Chinese patent with publication number CN103242584B discloses a wear-resistant EVA sole material, which comprises the following components in percentage by mass: 65-85% of EVA (ethylene-vinyl acetate), 5-10% of wear-resistant agent, 0.5-5% of light stabilizer, 5-15% of inorganic filler with the particle size of less than or equal to 200nm, 1-3% of foaming agent, 0.5-2% of cross-linking agent and 1-3% of dispersing lubricant, wherein the wear-resistant agent consists of ethylene-vinyl acetate copolymer and ultrahigh molecular weight organosilicon polymer, and the mass percentages of the components are as follows: 50-60% of ethylene-vinyl acetate copolymer, 40-50% of ultrahigh molecular weight organic silicon polymer, and 15-28% of vinyl acetate in the ethylene-vinyl acetate copolymer by mass percentage.

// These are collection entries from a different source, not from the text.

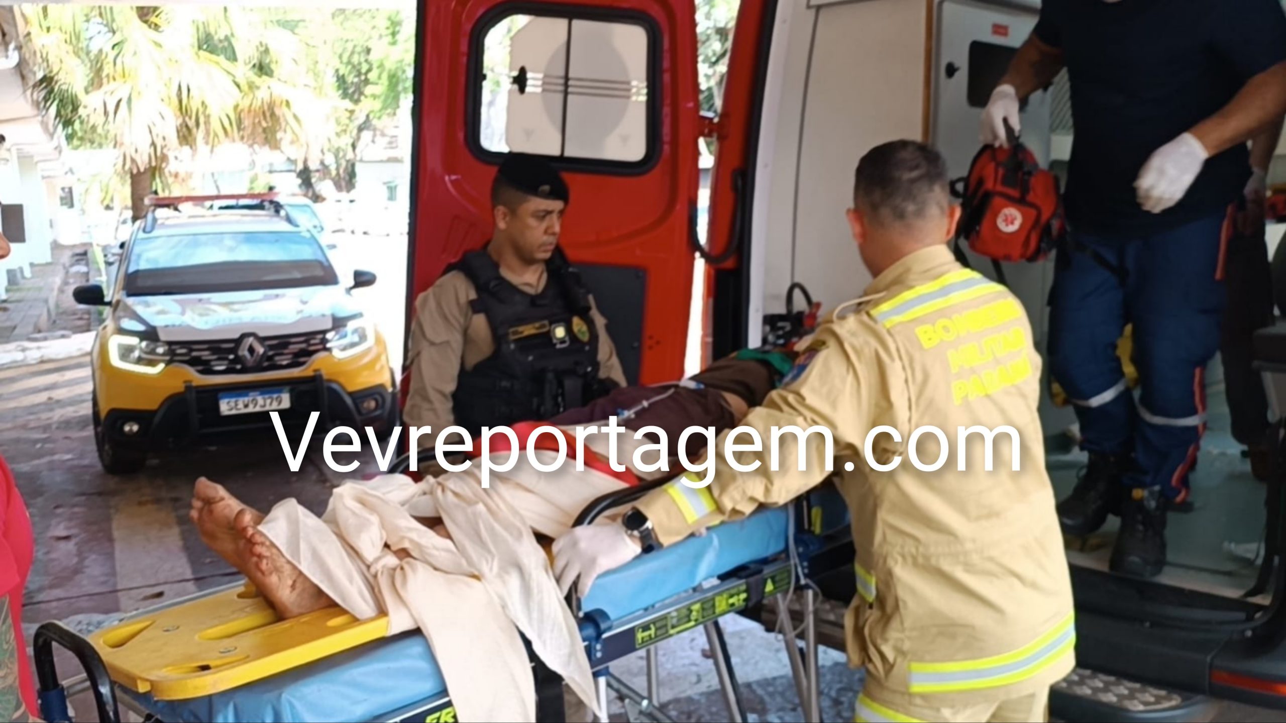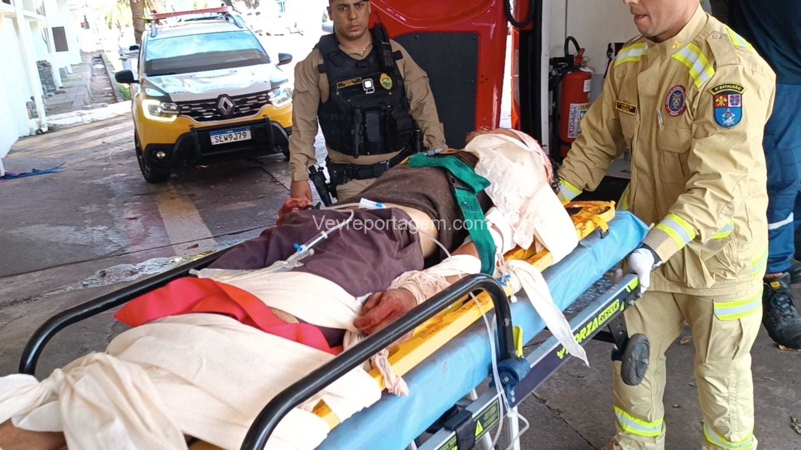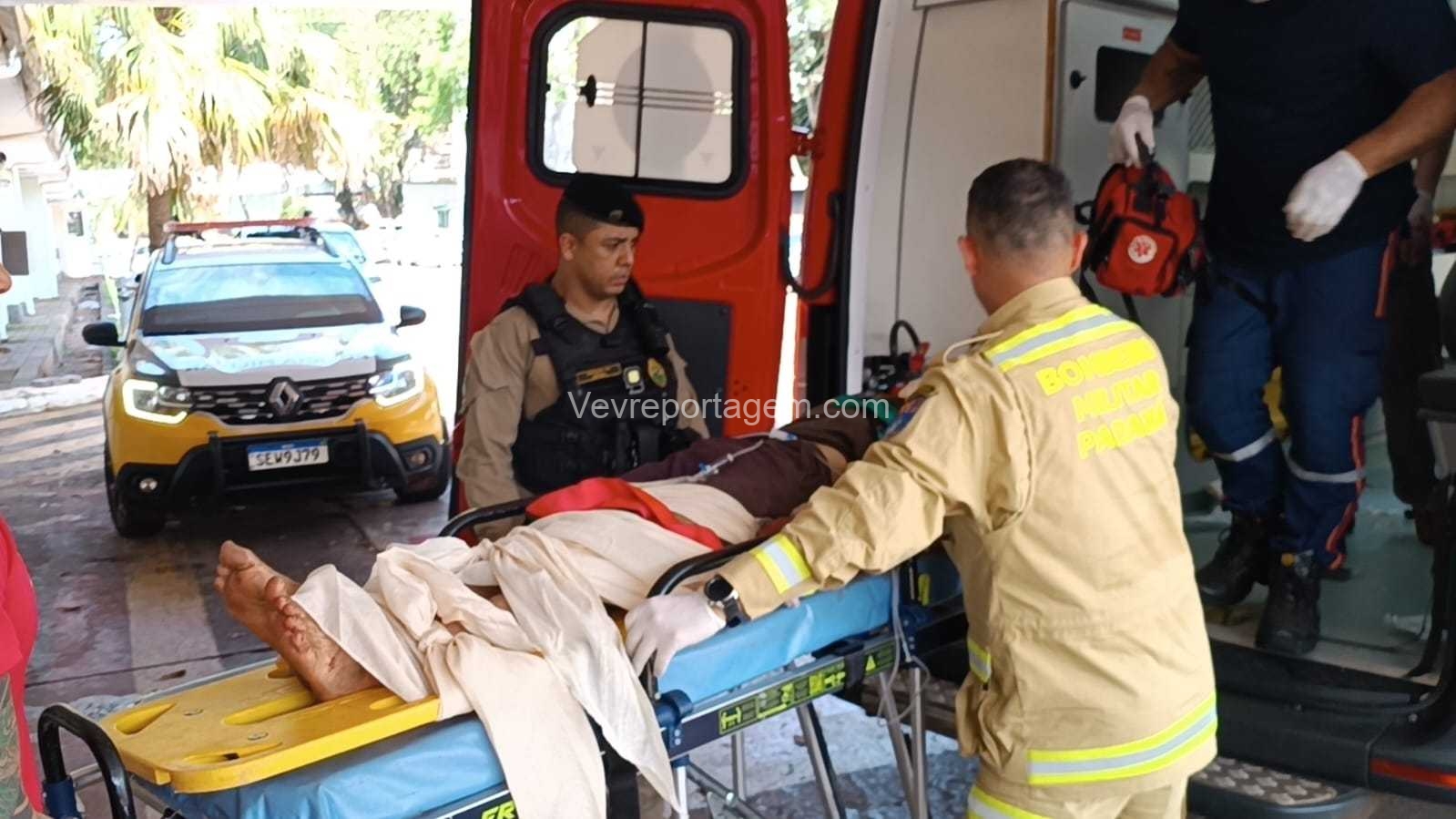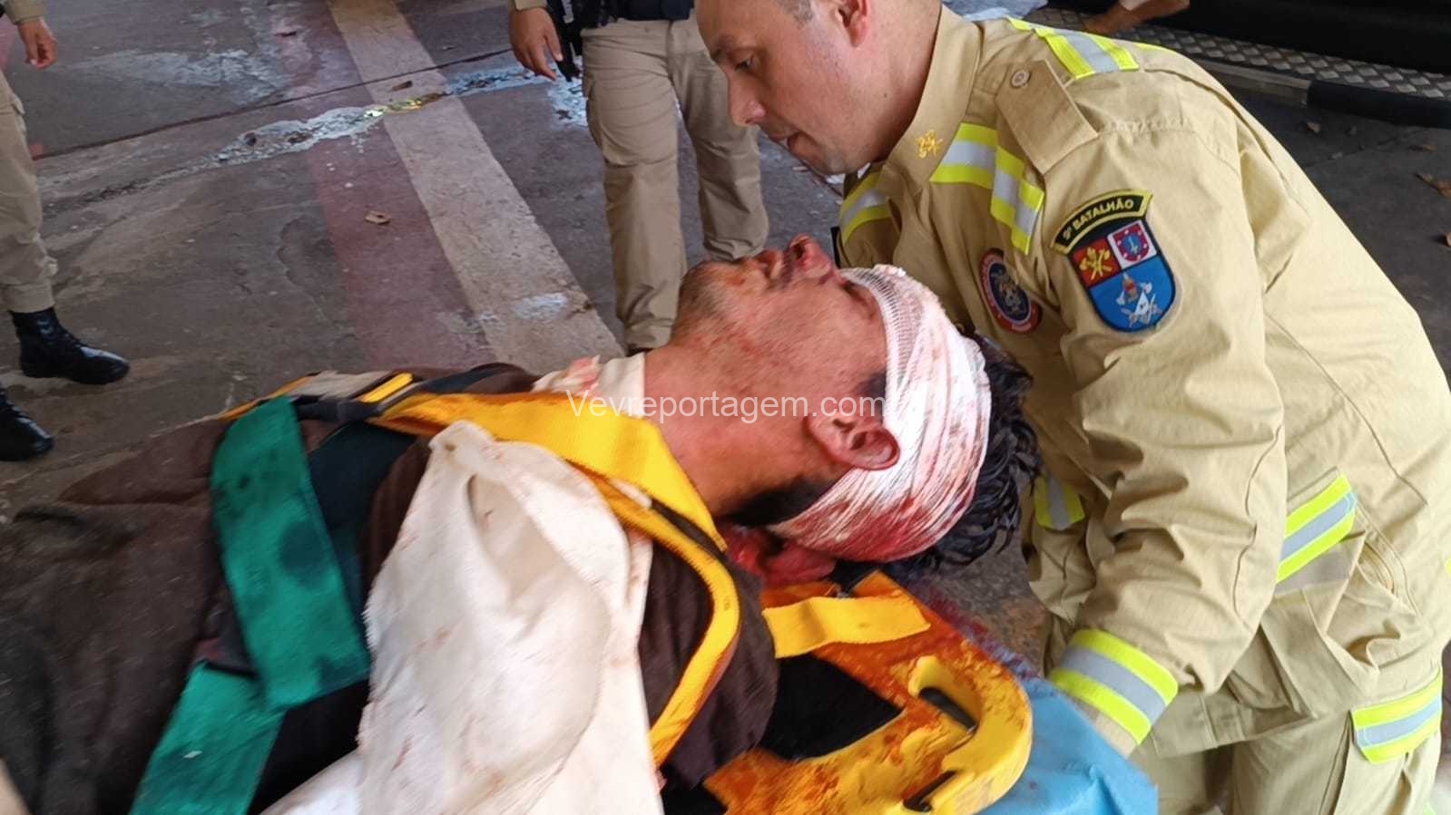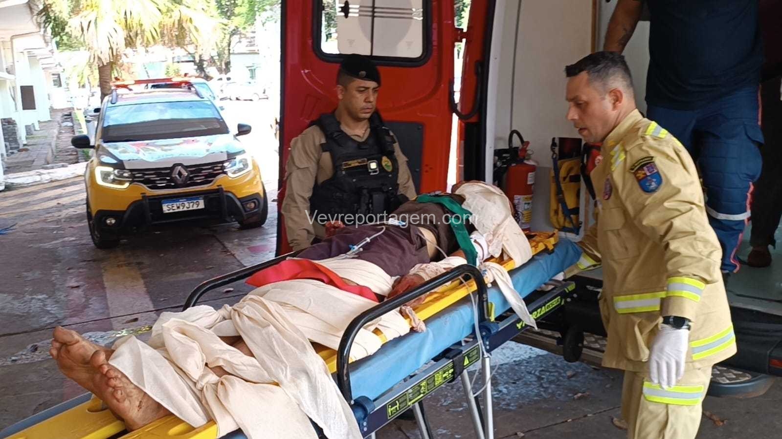 Os socorristas realizaram os primeiros atendimentos, imobilizaram o agressor e o colocaram na ambulância, onde ele foi avaliado por um médico do SAMU (Serviço de Atendimento Móvel de Urgência). Em seguida, o homem foi encaminhado ao Hospital Municipal, sob escolta policial.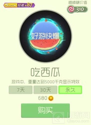 吃西瓜光环外形像一个西瓜,周围全是夏天的味道,冰力量十足!该光环可以让球宝的show值增加87点!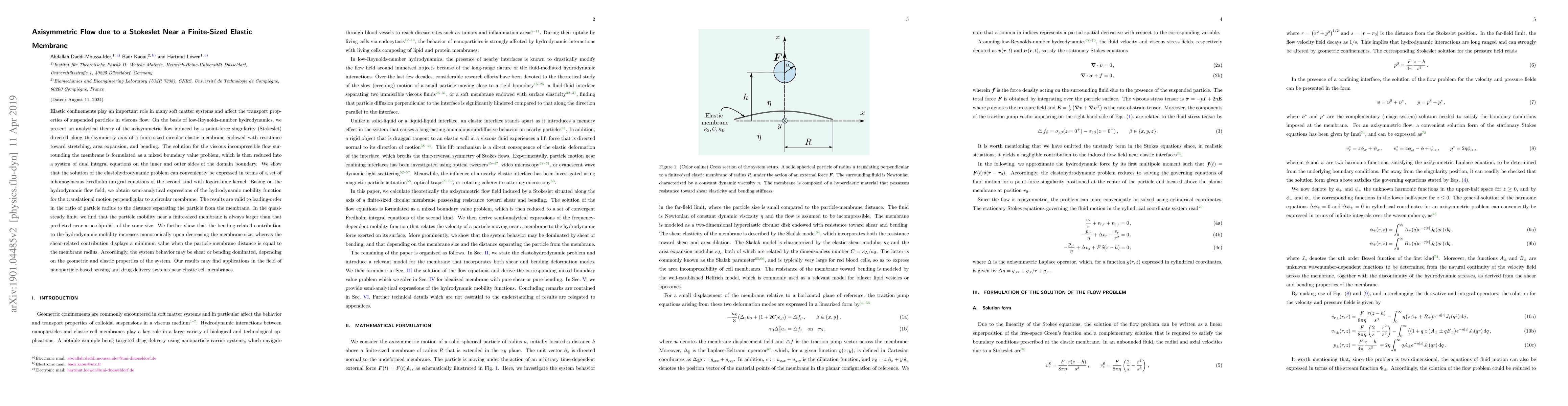 Researchers developed an analytical theory for how a Stokeslet affects axisymmetric flow near a finite-sized elastic membrane, revealing that the system can behave as either shear or bending dominated, depending on its geometry and elasticity.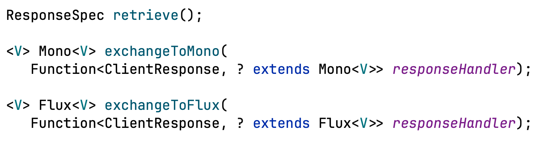 retrieve: ResponseSpec을 반환exchangeToMono: ClientResponse를 인자로 받고 body를 Mono형태로 반환하는 callbackexchangeToFlux: ClientResponse를 인자로 받고 body를 Flux형태로 반환하는 callback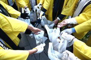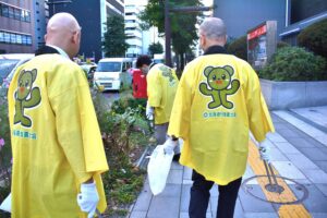 日が傾き始める時間帯にもひときわ目を引く黄色の法被を羽織り、歩道や植え込みの清掃を通じて地域の美化に貢献しました。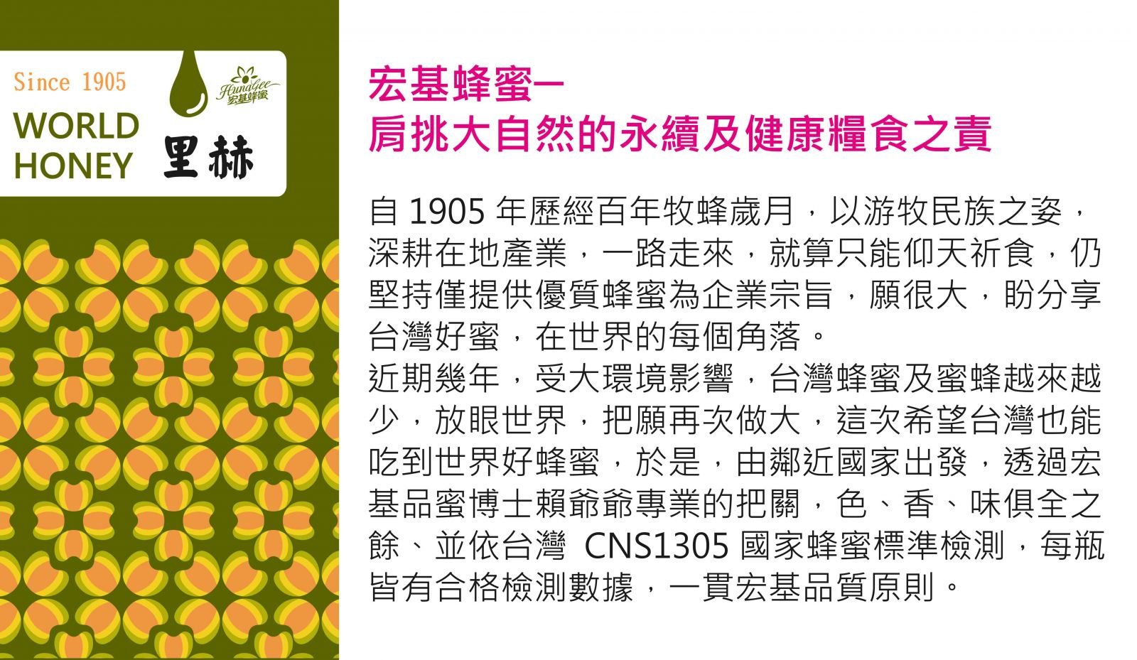近年來,受大環境影響,台灣蜜源逐漸減少,因此宏基放眼海外,尋找品質優良的穩定蜂蜜來源。

The EVA shoe sole material is better in wear resistance, evenness of a material system and surface smoothness.
The EVA sole has the main advantages of light weight and certain shock absorption performance even if air cushions are not added, but has the defects of poor wear resistance and poor resilience, and is easy to trample and lose the good shock absorption performance.
Disclosure of Invention
Aiming at the defects in the prior art, the invention aims to provide the EVA sole which has the advantage of good rebound resilience and good wear resistance.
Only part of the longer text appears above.